How did we get into this mess?

Software projects go badly when everyone is unrealistic about how real humans do creative work.

I’m in the midst of an email conversation with a pretty well-known turnaround CEO adviser, the kind of person who can Make Your Company Not Suck. He’s way beyond me in terms of influence and reach, and he consults enterprise-wide for way bigger outfits, but for some reason he ended up asking me why so many projects still get in trouble even though all kinds of training and certification are available these days.

This is about what I wrote back.

From my observation working with smaller teams, the eight main reasons why software projects get derailed are:

  1. Persisting with a technical approach that doesn’t work.
  2. Wrong developer(s) on the task.
  3. Technical Bankruptcy.
  4. A single technical obstacle.
  5. Code hoarding.
  6. Redoing the same work.
  7. Insufficient time.
  8. Vagueness.

Let’s talk about redoing the same work.

#6 in particular is something I feel really strongly about. Agile has it right with the “DRY” principle: Don’t Repeat Yourself. Don’t have multiple blocks of code doing the same thing in slightly different contexts. Do merge duplicate code while refactoring, even if it already works and appears fragile.

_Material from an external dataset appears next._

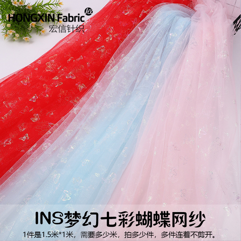 新しい夢の色の蝶の網の糸の生地は背景の布の婦人服の子供服の髪飾りの首紐の幻の色の蝶の網の糸を飾ります。

But also… build quality into the entire process, don’t just save it for testing at the end!

I see that mistake made over and over again. It always makes so much more work than techniques that use continuous feedback.

First things first. Last things last.

You will never know less about the implementation than at the beginning of the endeavor, and your knowledge will increase throughout the project, so it makes sense to refrain from overspecifying design and implementation details early on. The shops that insist on locking down all their data structures before any code is written? Those are the ones that end up having to unlock them anyway because their assumptions turn out to be a) directly wrong, or b) overtaken by new and refined customer requirements.

Answering the actual question.

That’s just one of the eight major reasons though. From a higher-level perspective, I’d say software projects go badly when (and because) everyone (everyone!) is unrealistic about how real humans do creative work. And in answer to my correspondent’s main question: Most training and certification programs constitute misguided attempts to mechanize something that’s inherently a little unpredictable, and they’re focused on compliance rather than accomplishment. Thus you get lots of compliance with the process, but not as much accomplishment as you would have liked.

Bottom line, the classical system of training and rewarding developers cultivates the wrong behaviors. We don’t really count lines of code anymore, but we do count change tickets closed. You don’t get credit for outright pairing, nor for taking half an hour to explain the finer points of ADO.NET to your cube neighbor. Some shops pay attention to closed work items but don’t bother tracking if they stay closed through QA and delivery. A really well-placed, intelligent bout of refactoring that erases technical debt and makes all future development less error-prone? That’s not a deliverable, and it’s poor compliance, so it doesn’t usually get done and the whole team’s effectiveness suffers.